Best Farming Practices (2008): Profit from a Good Environment

Out-wintering stock

 


 

The soil and weather conditions on your farm may mean it is not possible to out-winter stock without damaging the land or compromising the welfare of your animals. Out-wintering large numbers of stock is a pollution risk both for groundwater and for surface water. But in some areas of the country you can extend the grazing season or keep stock outside throughout the winter if you take precautionary action to protect the soil.

Take care when identifying fields for out-wintering stock. Free-draining fields, away from watercourses, are at least risk of poaching and of breaking cross-compliance rules.

Move electric fences frequently and use back fencing to prevent poaching and to control access to forage crops, supplementary feed and cut grass left on your fields.

You can use stand-off pads to enclose large numbers of sheep and cattle in winter, as long as the pads are lined and you build in enough storage to safely contain and recover the effluent produced. Discuss your plans for stand-off pads with us so that we can help you come up with an environmentally sound design.

You can retain topsoil strength and resilience to trampling by drilling forage crops directly into glyphosate-treated old pasture. But beware of compacted soil that is at risk of runoff.

Place winter feed in the fields in dry weather to avoid traffic on wet soils. You can improve access by creating suitable tracks for stock and vehicles, reinforcing gateways with stones and using mobile feeders on hard surfaces.

Outwintering in upland areas is more difficult, but low stocking rates and regular movement of feed sites can take the risk acceptable. Move stock to fresh land when field conditions deteriorate or when there are clear concerns about animal welfare. Plan ahead for extended periods of bad weather by identifying and preparing the land you will use.

You can back fence to control access to heavily used areas, and fence off watercourses and boggy areas to avoid soil loss.

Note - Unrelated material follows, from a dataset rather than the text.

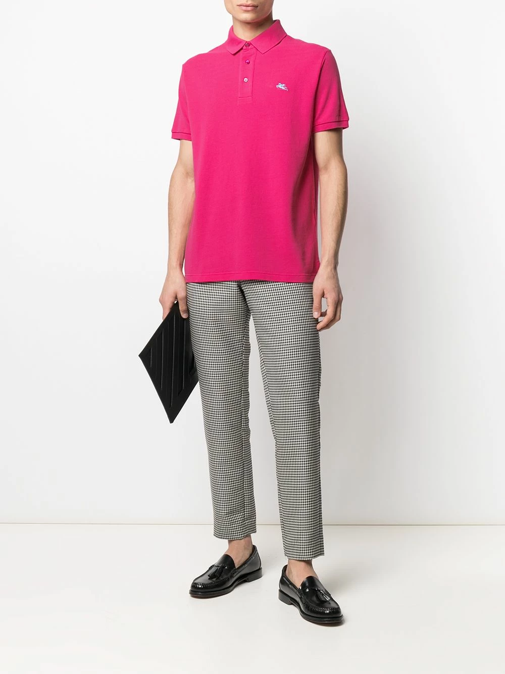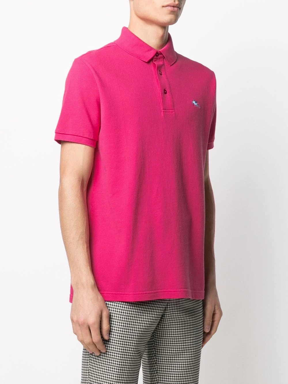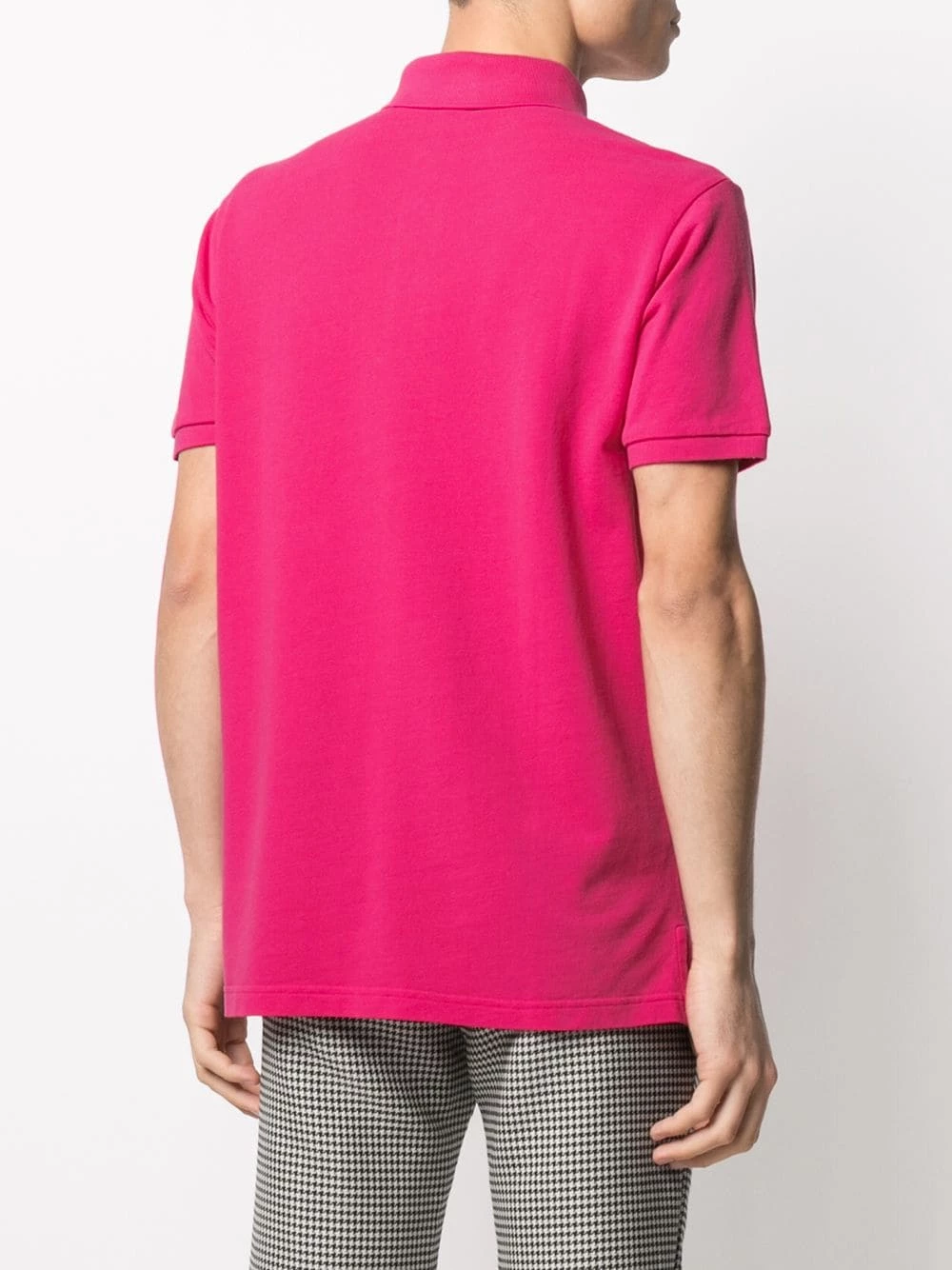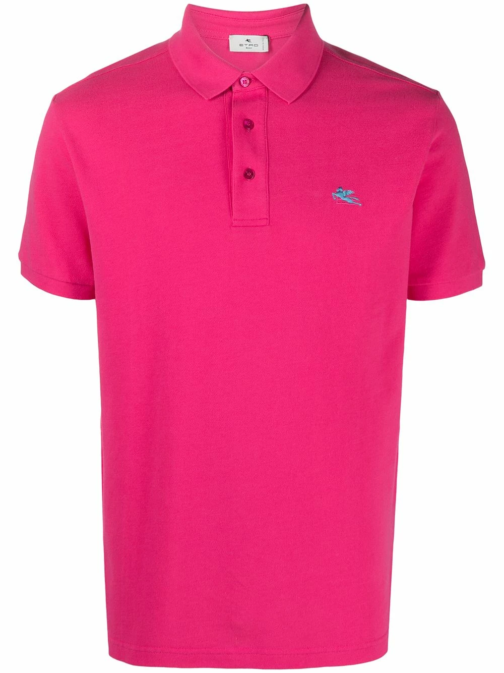Col polo, boutonnière sur le devant, manches courtes, logo brodée sur la poitrine. Couleur : rose. Matière : coton.

Construction of a well-drained lying area with its own shelter belt will provide cattle with a refuge where they can rest with minimal heat loss.

Helpful hints

  • Use level, well-drained fields - away from watercourses - for outwintering stock.
  • Move supplementary feeders to prevent poaching.
  • Reduce stocking by selling barren ewes after scanning in mid winter.
  • indicates where you may get grant funding in support of particular practices Provide dry lying areas and shelter belts for periods of bad weather.
  • Direct drill suitable forage crops into sprayed off grass or stubbles with good soil structure.
  • Back fence stock and place feed before the winter.
  • indicates where you may be at risk of a fine or other financial penalty if a practice is not followed Do not cause damage by overgrazing or supplementary feeding.

Your fields will be vulnerable to poaching if you do not move feeders regularly. Move stock to fresh land when field conditions deteriorate.